WASHINGTON — Haiti’s leaders face a high-stakes balancing act as Kenyan forces arrive in the violence-wracked country, where security is desperately needed and the new, unelected government must also win over ordinary Haitians.
The Haitian transitional government and its international backers say the Kenyan policing mission is essential for wresting control from gangs that have seized much of the capital.
At the same time, interim Prime Minister Garry Conille must handle the memories of previous deadly foreign interventions that hang over the nation.
READ: After long wait, Kenyan police begin security mission in Haiti
“After (the Kenyans) leave, the same things will happen again,” one Port-au-Prince resident, who declined to share his name, told AFP.
“The real solution won’t come from foreigners. It’s not up to them,” he added, calling on the country’s fractious politicians to “unite to move forward.”
Haiti has long been rocked by gang violence but conditions sharply worsened at the end of February, when armed groups launched coordinated attacks in Port-au-Prince, saying they wanted to overthrow then-prime minister Ariel Henry.

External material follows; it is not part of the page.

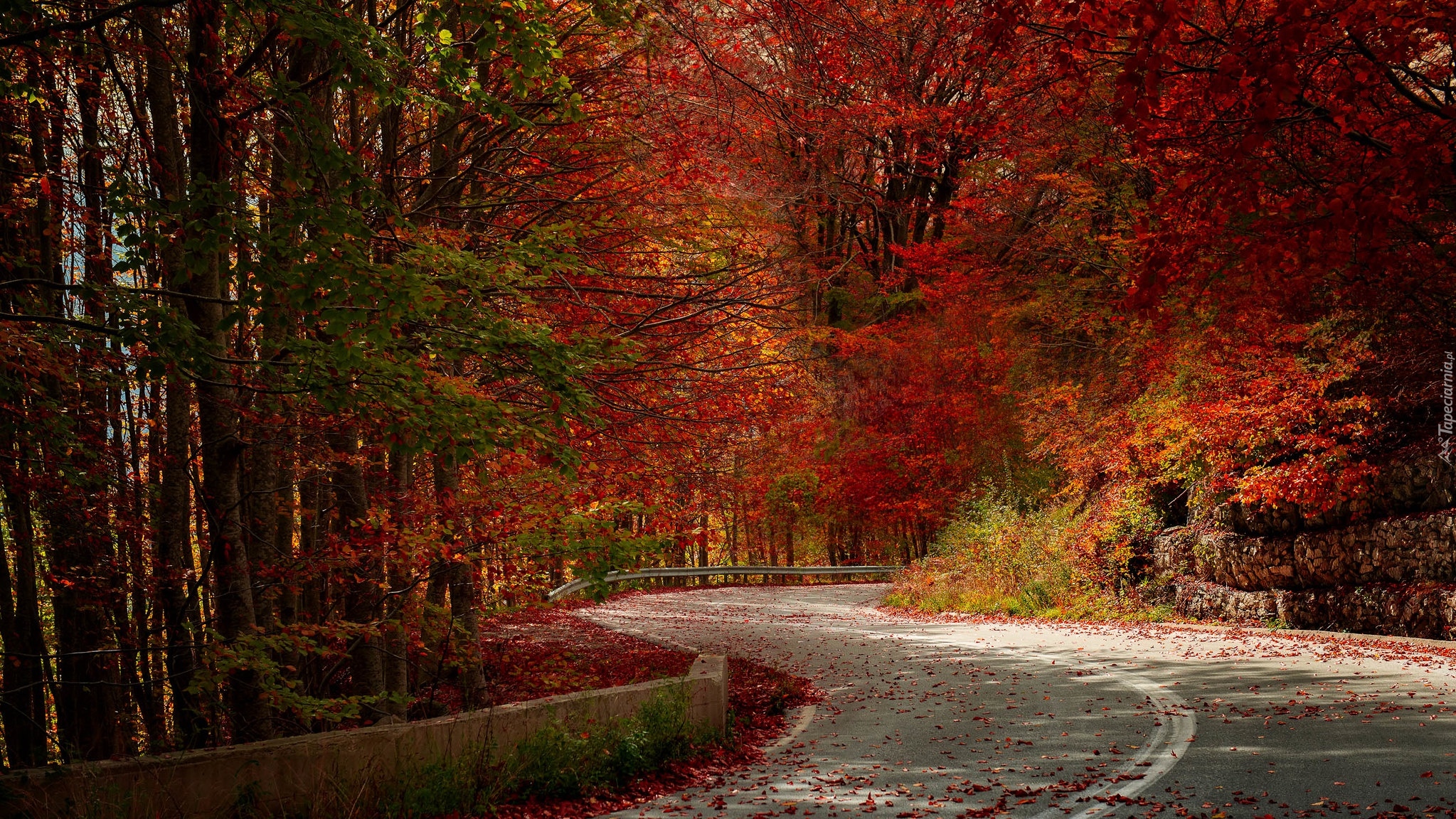 Edytor tapety: Drzewa z czerwonymi liśćmi przy drodze

Henry has since handed over power to a transitional council, which named Conille — currently in Washington to meet with US officials — as the country’s prime minister.
READ: Haiti violence displacing one child every minute – UNICEF
His transitional government’s job is monumental: to relieve the political, security and humanitarian crises devastating the poorest country in the Western Hemisphere and to pave the way for the first elections since 2016.

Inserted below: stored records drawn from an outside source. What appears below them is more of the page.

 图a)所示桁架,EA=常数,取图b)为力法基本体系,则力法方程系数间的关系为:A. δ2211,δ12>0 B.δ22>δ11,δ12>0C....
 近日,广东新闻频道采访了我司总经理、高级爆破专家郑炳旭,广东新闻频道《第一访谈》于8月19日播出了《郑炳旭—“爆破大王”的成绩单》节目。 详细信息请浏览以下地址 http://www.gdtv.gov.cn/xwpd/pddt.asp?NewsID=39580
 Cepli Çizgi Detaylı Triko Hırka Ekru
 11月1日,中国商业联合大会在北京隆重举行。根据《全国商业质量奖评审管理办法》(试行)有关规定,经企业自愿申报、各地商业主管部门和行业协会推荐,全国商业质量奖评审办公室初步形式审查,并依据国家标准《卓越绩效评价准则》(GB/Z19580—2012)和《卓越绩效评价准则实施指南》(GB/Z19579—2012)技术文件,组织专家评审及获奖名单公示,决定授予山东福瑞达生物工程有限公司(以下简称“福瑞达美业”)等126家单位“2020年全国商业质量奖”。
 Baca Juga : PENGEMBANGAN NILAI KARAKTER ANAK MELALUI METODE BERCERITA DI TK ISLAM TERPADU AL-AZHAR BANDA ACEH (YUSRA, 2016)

“No official in Haiti has been elected, therefore we are in very uncharted territory,” said Francois Pierre-Louis, a political science professor at New York’s Queens College.
“Everything in Haiti right now is unconstitutional, illegitimate,” he said.
Desperate for security
Renewing the questions on how Kenyan forces will handle the unrest, police fired live rounds at recent protests in Nairobi, leaving at 39 dead, according to monitors.
Haiti itself has a brutal history of foreign interventions, from a 20-year American occupation in the early 1900s to a deadly cholera outbreak linked to a UN peacekeeping mission in the 2010s.
Rules on joining the transitional council, which is supported by regional bloc CARICOM and the United States, included that members couldn’t be opposed to the Kenya-led stabilization mission.
“That set it up from the beginning with the impression that this is yet another foreign-picked government,” said Jake Johnston, a researcher at the Center for Economic and Policy Research in Washington.
A national security council that is supposed to help govern the mission has yet to be set up, and “nobody can actually tell you… who is ultimately responsible, what the oversight of it will be,” Johnston added.
At the same time, many Haitians, desperate for a restoration of order, support the Kenyan force.
“My children can’t go to school anymore,” said Nathalie, 20.
“These children who are growing up don’t have to go through these things.”
Elections unrealistic
While Haiti’s current leaders might be unelected, the lack of government control means that holding a vote would be nearly impossible, experts say.
After an earthquake devastated the country in 2010, the United States, among others, pushed for elections, delayed by the disaster, to be held as soon as possible.
The result was a massively mismanaged, violence-wracked vote widely rejected as illegitimate.
Beyond the immediate need to restore security lie bigger problems of restoring trust — including the issue of links between Haitian politicians and the gangs.
“The government (historically) doesn’t actually do much for most people’s lives, and nobody has faith in the state,” said Johnston. “If that doesn’t change… It’s really hard to see that dynamic changing.”